- WHAT YOU NEED TO DO
Taking the data below, please print only the lines from the line holding "An 18ct gold" to the line holding "近日,船技工程公司收到来自中", inclusive, with pictures omitted.

- LISTED RECORDS

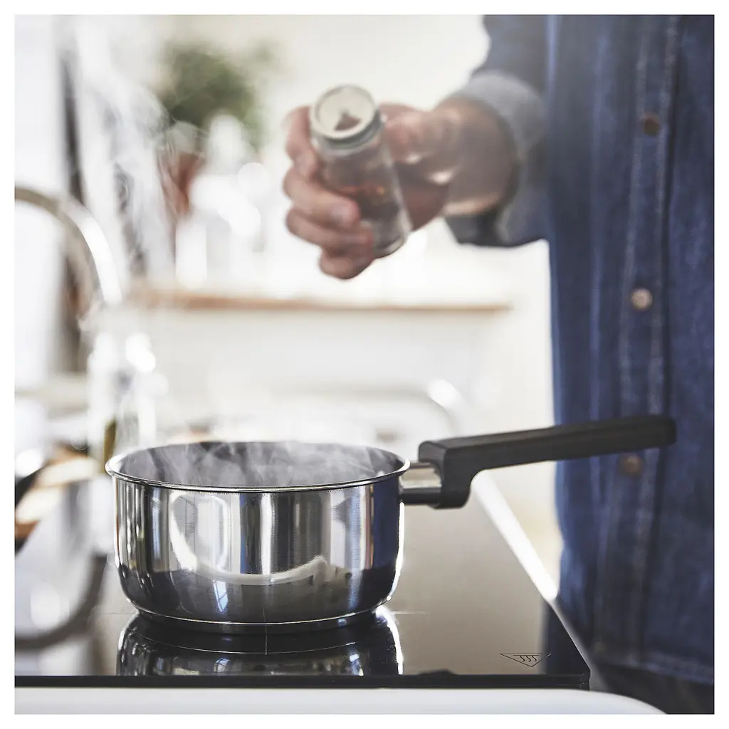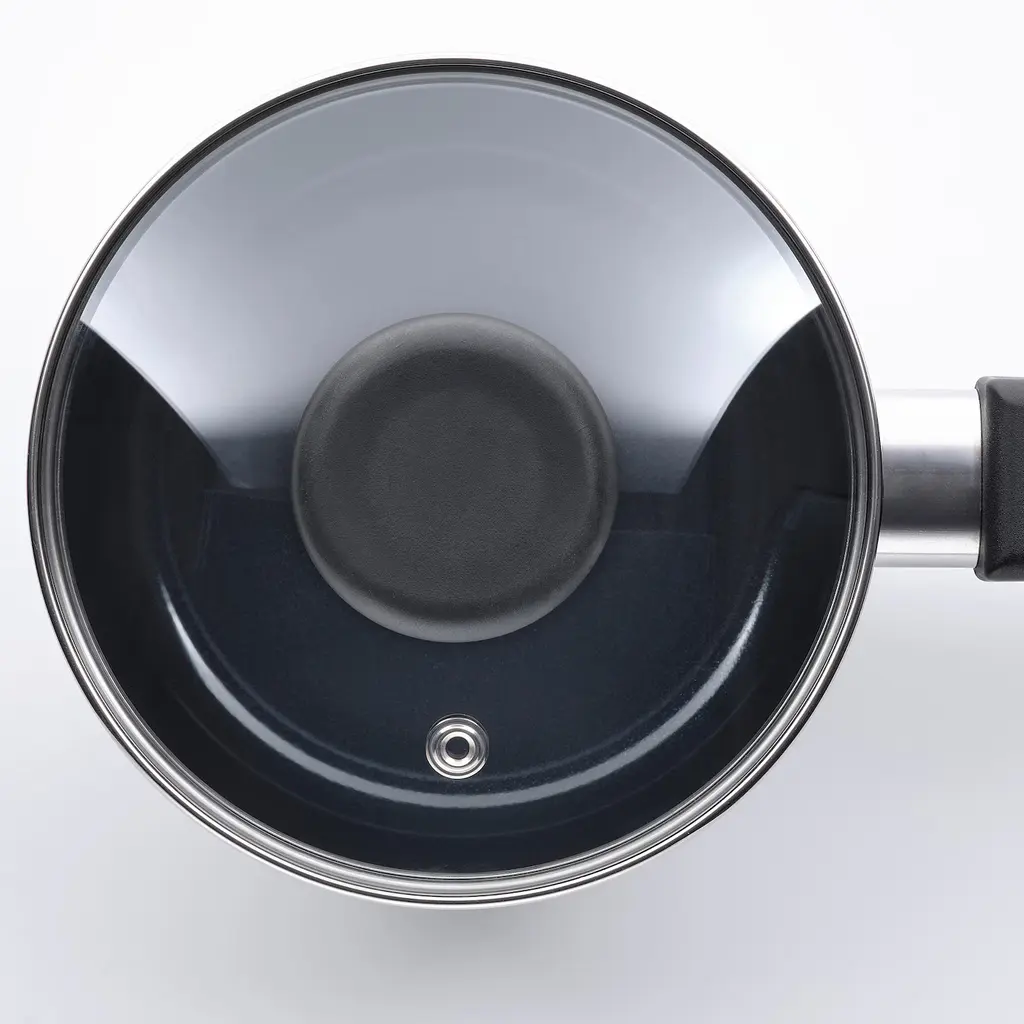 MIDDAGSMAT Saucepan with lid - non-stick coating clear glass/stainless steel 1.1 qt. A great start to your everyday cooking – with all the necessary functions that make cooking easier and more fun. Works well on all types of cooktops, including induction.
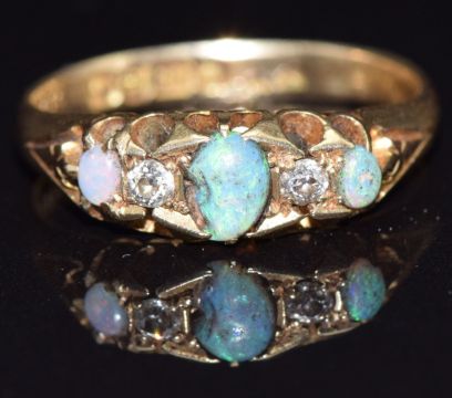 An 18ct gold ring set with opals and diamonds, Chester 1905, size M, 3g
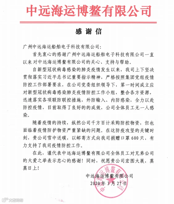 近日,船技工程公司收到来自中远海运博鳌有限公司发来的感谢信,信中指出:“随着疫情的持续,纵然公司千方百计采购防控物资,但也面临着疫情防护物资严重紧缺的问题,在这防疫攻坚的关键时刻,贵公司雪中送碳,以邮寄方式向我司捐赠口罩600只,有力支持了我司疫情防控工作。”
...
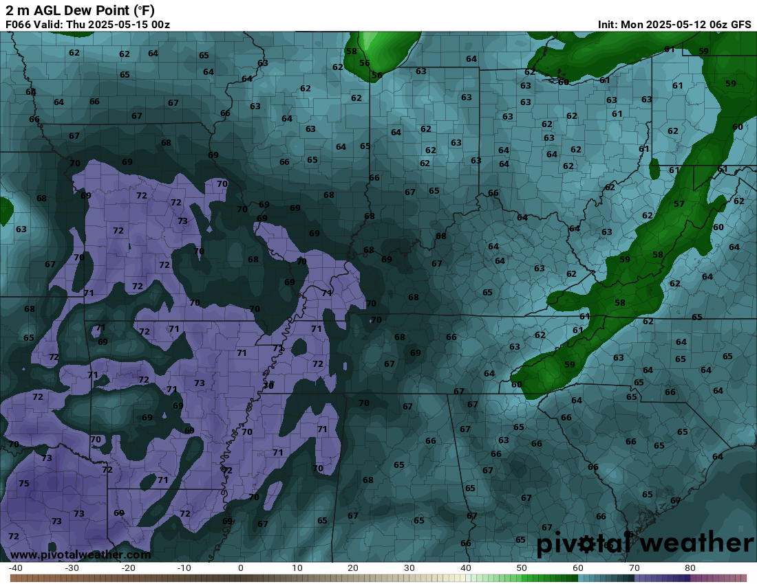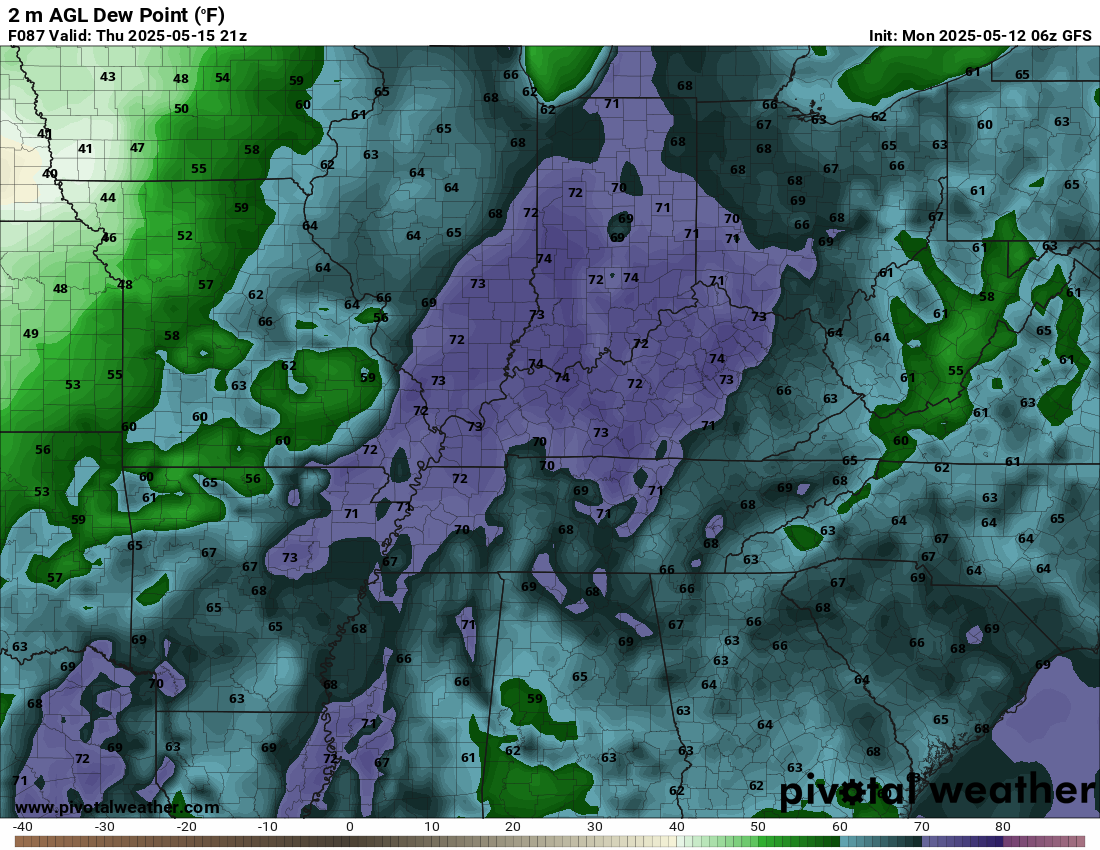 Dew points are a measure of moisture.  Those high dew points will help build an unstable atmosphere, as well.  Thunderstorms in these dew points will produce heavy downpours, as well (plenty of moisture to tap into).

- REPLY TO THE EXERCISE
 An 18ct gold ring set with opals and diamonds, Chester 1905, size M, 3g
 近日,船技工程公司收到来自中远海运博鳌有限公司发来的感谢信,信中指出:“随着疫情的持续,纵然公司千方百计采购防控物资,但也面临着疫情防护物资严重紧缺的问题,在这防疫攻坚的关键时刻,贵公司雪中送碳,以邮寄方式向我司捐赠口罩600只,有力支持了我司疫情防控工作。”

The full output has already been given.